PROMPT: From the first entry to the last, copy everything exactly except the pictures.

★ ★ ★ ★

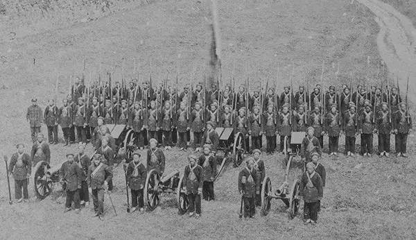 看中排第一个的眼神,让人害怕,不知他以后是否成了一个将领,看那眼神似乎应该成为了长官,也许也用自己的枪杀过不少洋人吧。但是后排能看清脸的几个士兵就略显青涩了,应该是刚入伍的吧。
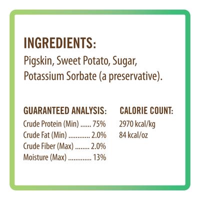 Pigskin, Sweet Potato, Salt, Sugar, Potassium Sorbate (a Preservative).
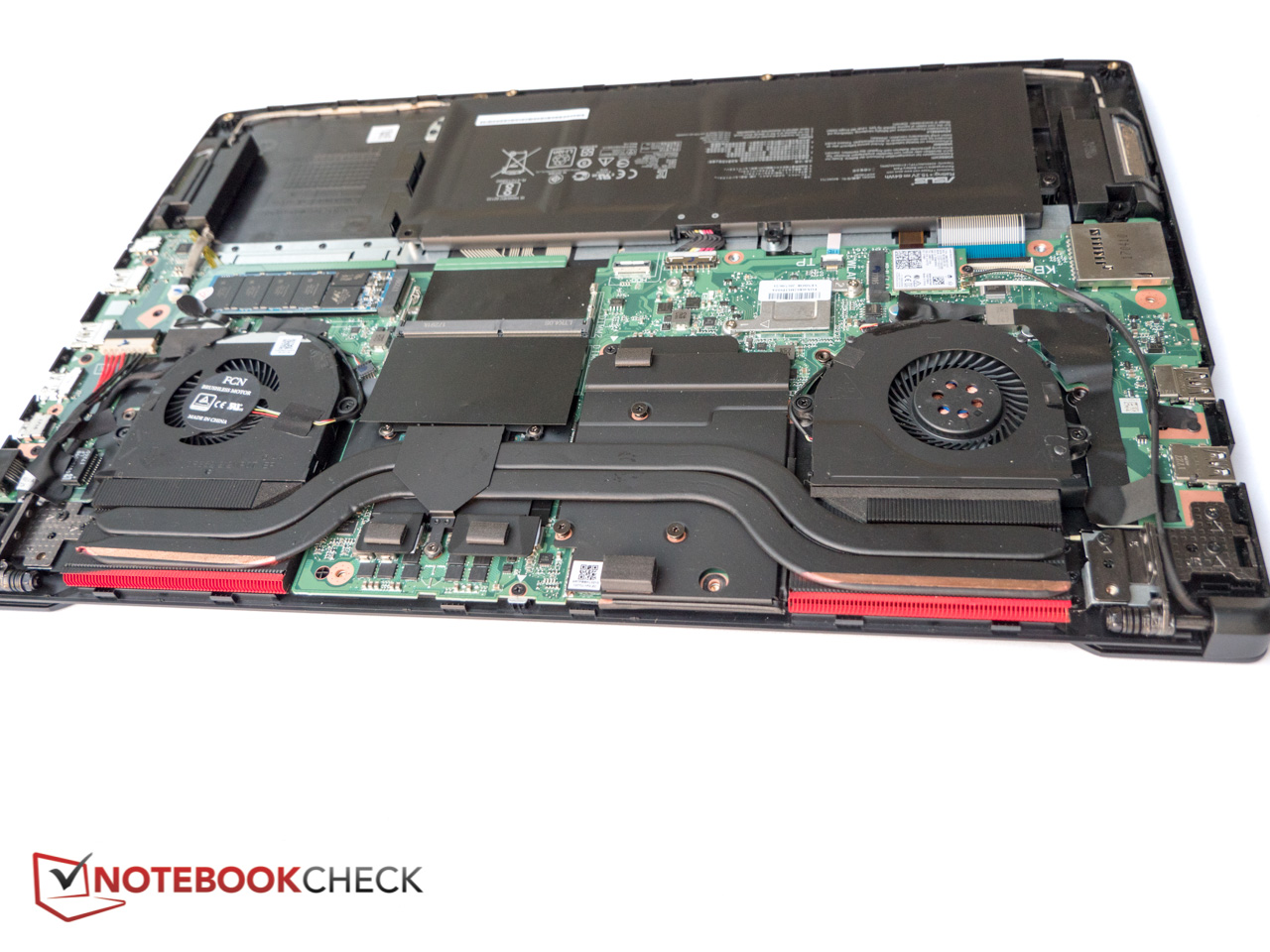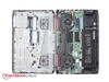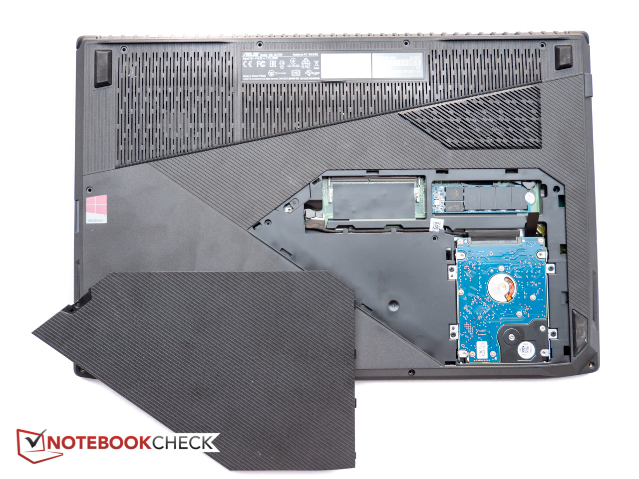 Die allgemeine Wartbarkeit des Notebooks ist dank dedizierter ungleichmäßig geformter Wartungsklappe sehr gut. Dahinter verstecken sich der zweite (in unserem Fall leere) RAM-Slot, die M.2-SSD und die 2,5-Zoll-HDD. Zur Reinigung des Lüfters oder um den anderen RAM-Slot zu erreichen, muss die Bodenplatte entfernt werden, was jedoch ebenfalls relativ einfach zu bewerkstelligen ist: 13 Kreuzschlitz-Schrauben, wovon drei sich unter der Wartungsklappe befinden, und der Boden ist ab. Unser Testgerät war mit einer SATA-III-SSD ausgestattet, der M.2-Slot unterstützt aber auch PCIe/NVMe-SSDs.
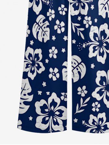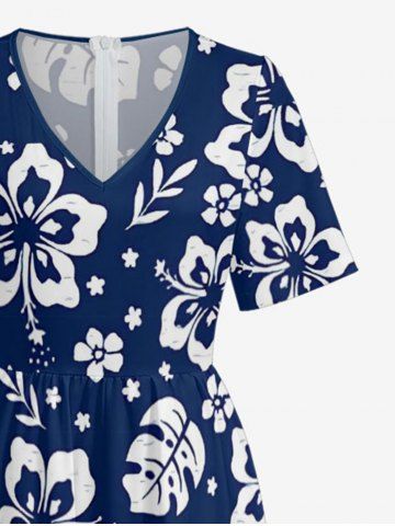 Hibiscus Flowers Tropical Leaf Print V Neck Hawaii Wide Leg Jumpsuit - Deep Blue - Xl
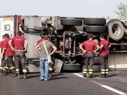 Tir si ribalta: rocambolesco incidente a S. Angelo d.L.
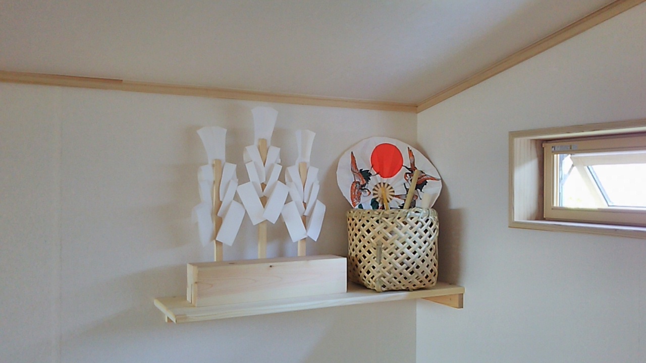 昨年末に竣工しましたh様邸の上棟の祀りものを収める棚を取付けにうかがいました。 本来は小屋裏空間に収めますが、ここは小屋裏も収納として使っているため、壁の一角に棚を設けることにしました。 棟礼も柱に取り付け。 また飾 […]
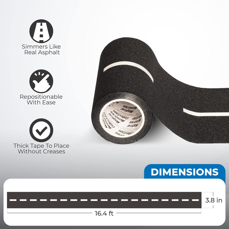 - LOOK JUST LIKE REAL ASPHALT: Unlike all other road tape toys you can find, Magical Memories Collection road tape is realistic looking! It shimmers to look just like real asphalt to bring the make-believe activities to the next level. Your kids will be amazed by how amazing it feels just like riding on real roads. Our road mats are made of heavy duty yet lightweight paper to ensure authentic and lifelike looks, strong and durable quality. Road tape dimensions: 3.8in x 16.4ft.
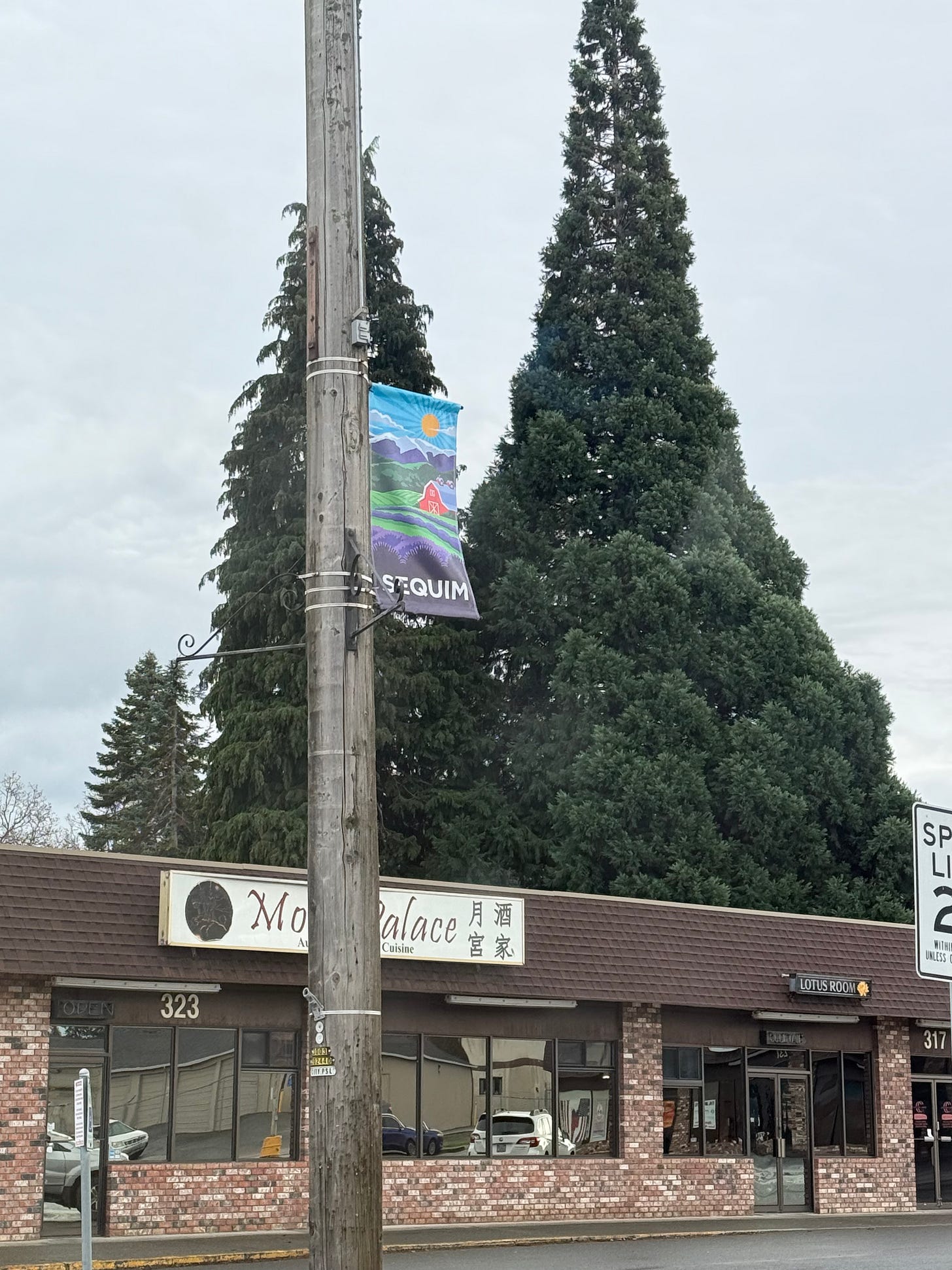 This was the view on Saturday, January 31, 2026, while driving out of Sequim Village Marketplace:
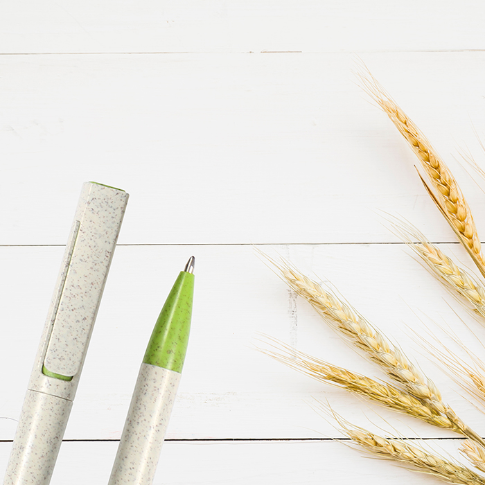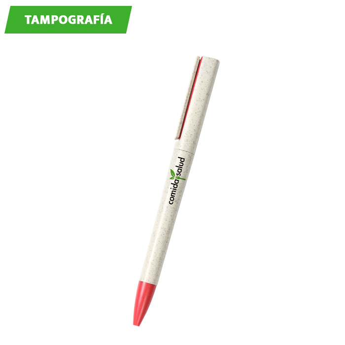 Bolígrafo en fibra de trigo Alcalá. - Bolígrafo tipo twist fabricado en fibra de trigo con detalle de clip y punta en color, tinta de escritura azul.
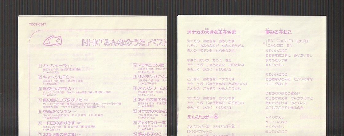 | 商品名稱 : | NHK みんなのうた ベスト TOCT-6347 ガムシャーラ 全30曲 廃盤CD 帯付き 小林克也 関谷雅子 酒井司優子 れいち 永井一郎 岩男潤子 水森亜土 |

★ ★ ★ ★

EXERCISE OUTPUT:
 看中排第一个的眼神,让人害怕,不知他以后是否成了一个将领,看那眼神似乎应该成为了长官,也许也用自己的枪杀过不少洋人吧。但是后排能看清脸的几个士兵就略显青涩了,应该是刚入伍的吧。
 Pigskin, Sweet Potato, Salt, Sugar, Potassium Sorbate (a Preservative).
 Die allgemeine Wartbarkeit des Notebooks ist dank dedizierter ungleichmäßig geformter Wartungsklappe sehr gut. Dahinter verstecken sich der zweite (in unserem Fall leere) RAM-Slot, die M.2-SSD und die 2,5-Zoll-HDD. Zur Reinigung des Lüfters oder um den anderen RAM-Slot zu erreichen, muss die Bodenplatte entfernt werden, was jedoch ebenfalls relativ einfach zu bewerkstelligen ist: 13 Kreuzschlitz-Schrauben, wovon drei sich unter der Wartungsklappe befinden, und der Boden ist ab. Unser Testgerät war mit einer SATA-III-SSD ausgestattet, der M.2-Slot unterstützt aber auch PCIe/NVMe-SSDs.
 Hibiscus Flowers Tropical Leaf Print V Neck Hawaii Wide Leg Jumpsuit - Deep Blue - Xl
 Tir si ribalta: rocambolesco incidente a S. Angelo d.L.
 昨年末に竣工しましたh様邸の上棟の祀りものを収める棚を取付けにうかがいました。 本来は小屋裏空間に収めますが、ここは小屋裏も収納として使っているため、壁の一角に棚を設けることにしました。 棟礼も柱に取り付け。 また飾 […]
 - LOOK JUST LIKE REAL ASPHALT: Unlike all other road tape toys you can find, Magical Memories Collection road tape is realistic looking! It shimmers to look just like real asphalt to bring the make-believe activities to the next level. Your kids will be amazed by how amazing it feels just like riding on real roads. Our road mats are made of heavy duty yet lightweight paper to ensure authentic and lifelike looks, strong and durable quality. Road tape dimensions: 3.8in x 16.4ft.
 This was the view on Saturday, January 31, 2026, while driving out of Sequim Village Marketplace:
 Bolígrafo en fibra de trigo Alcalá. - Bolígrafo tipo twist fabricado en fibra de trigo con detalle de clip y punta en color, tinta de escritura azul.
 | 商品名稱 : | NHK みんなのうた ベスト TOCT-6347 ガムシャーラ 全30曲 廃盤CD 帯付き 小林克也 関谷雅子 酒井司優子 れいち 永井一郎 岩男潤子 水森亜土 |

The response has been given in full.